As I was officially closing up my house and saying good-bye- so sad to see an empty little blue house where a lot of memories and our new beginning was- I found a lot of things I hadn't looked at since before my divorce. Some of them being my cookbooks from my travels. I like Indian spices so when I was flipping through cookbooks from Malaysia I found some recipes from my host-family and decided to re-create one of my favorite spicy sauces. I poured mine over chicken, rice and broccoli because I am still following RP Strength diet programming and figured the coconut milk could be my "fat" so this was what my meals looked like :)

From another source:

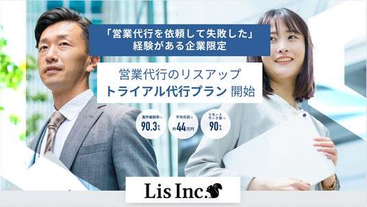 株式会社Lis(ヨミ:リス、所在地:東京都渋谷区、代表:浅井央)は、自社の運営する営業支援サービス「リスアップ」にて、「営業代行を依頼して失敗した経験のある企業様限定」の特別トライアルプラン「KAKUJITSU」プランを開始したことをお知らせします。

I also made mine spicier by using more cayenne so this was not kid-friendly! Tandoori is usually used a chicken marinade with yogurt. The chicken is left in the yogurt-spice mixture overnight and then grilled... this could easily be used a marinade, I just prefer it as a sauce. I also subbed the yogurt for coconut milk to make it paleo and I like the flavor and fat it adds!
Paleo Tandoori Sauce
- 1 tsp Chili Powder - 1 tsp Cayenne Pepper* (more or less depending on how hot you like your food- I use 2 :) - 2 tsp Paprika - 2 tsp Salt - 2 tsp Ground Ginger - 2 tsp Garlic Powder - 2 tsp Cumin - 2 tsp Turmeric - 2 tsp Black Pepper - 1 Cup Full-Fat Coconut Milk (or cream) 1. Combine all of the spices in bowl- mix- add the coconut milk and stir again. Test for spice at this point, remember that you are not eating this plain so it can be a little spicy at this point and the food will cool it down.
2. Store in the fridge and pour it over your veggies, chicken, or rice... yum!